= Directions for this task =
Please repeat the listing below exactly, but do not include its pictures.

= Supplied material =
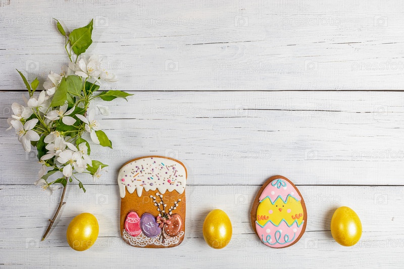 Пасхальный фон из выложенной веточки яблони, желтых яиц, пряников на белом деревянном столе
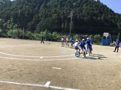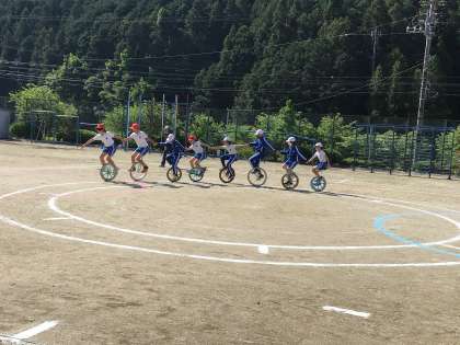 さわやかタイム(一輪車練習) 公開日 2025/05/13 更新日 2025/05/13 各学年から 今日のさわやかタイムは一輪車練習です。8人全員が集中していないと、長く手をつないで走ることが難しくなります。
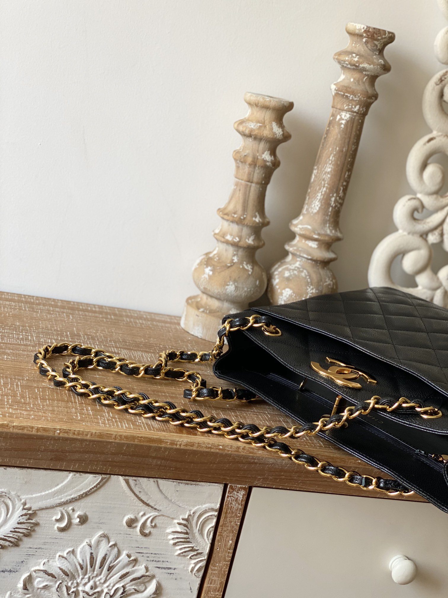 Chanel Vintage Black Large Quilted Caviar Tote Bag For Women 28cm/11in
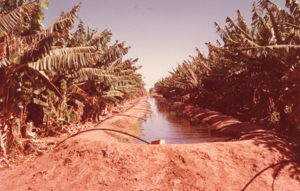 Continuing the diversification initiatives they trialed a new approach to irrigate the bananas furthest from the water source by irrigating with dams and syphons. Three dams were built on the northern end, furthest away from the river. While the cost of pumping water was reduced, the evaporation of water from the dams negated any benefit. They continued with flooding method until plantations started to adopt the sprinkler system.
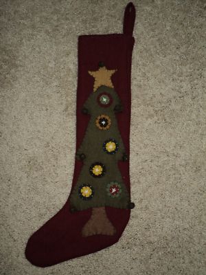 PRIMITIVE Wool Penny Rug CHRISTMAS Tree Burgundy STOCKING New!! Jingle bells
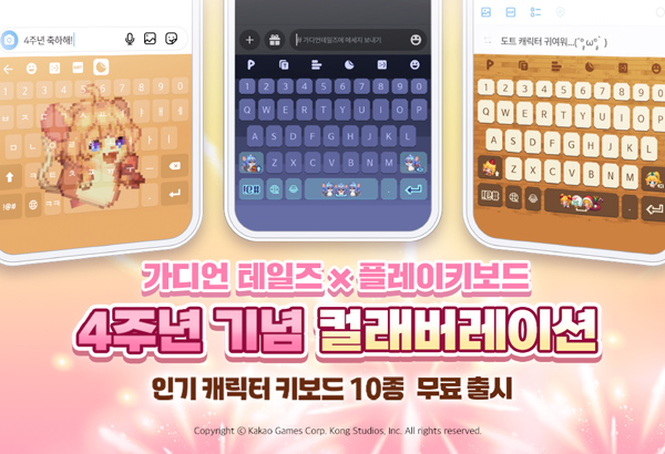 (서울=NSP통신) 이복현 기자 = 카카오게임즈(대표 한상우)가 미국 개발사 콩 스튜디오(대표 원)에서 개발한 모바일 RPG 가디언 테일즈의 서비스 4주년을 맞아 플레이키보드 운영사 비트바이트와 글로벌 컬래버레이션 키보드 테마를 출시했다.

= The answer =
 Пасхальный фон из выложенной веточки яблони, желтых яиц, пряников на белом деревянном столе
 さわやかタイム(一輪車練習) 公開日 2025/05/13 更新日 2025/05/13 各学年から 今日のさわやかタイムは一輪車練習です。8人全員が集中していないと、長く手をつないで走ることが難しくなります。
 Chanel Vintage Black Large Quilted Caviar Tote Bag For Women 28cm/11in
 Continuing the diversification initiatives they trialed a new approach to irrigate the bananas furthest from the water source by irrigating with dams and syphons. Three dams were built on the northern end, furthest away from the river. While the cost of pumping water was reduced, the evaporation of water from the dams negated any benefit. They continued with flooding method until plantations started to adopt the sprinkler system.
 PRIMITIVE Wool Penny Rug CHRISTMAS Tree Burgundy STOCKING New!! Jingle bells
 (서울=NSP통신) 이복현 기자 = 카카오게임즈(대표 한상우)가 미국 개발사 콩 스튜디오(대표 원)에서 개발한 모바일 RPG 가디언 테일즈의 서비스 4주년을 맞아 플레이키보드 운영사 비트바이트와 글로벌 컬래버레이션 키보드 테마를 출시했다.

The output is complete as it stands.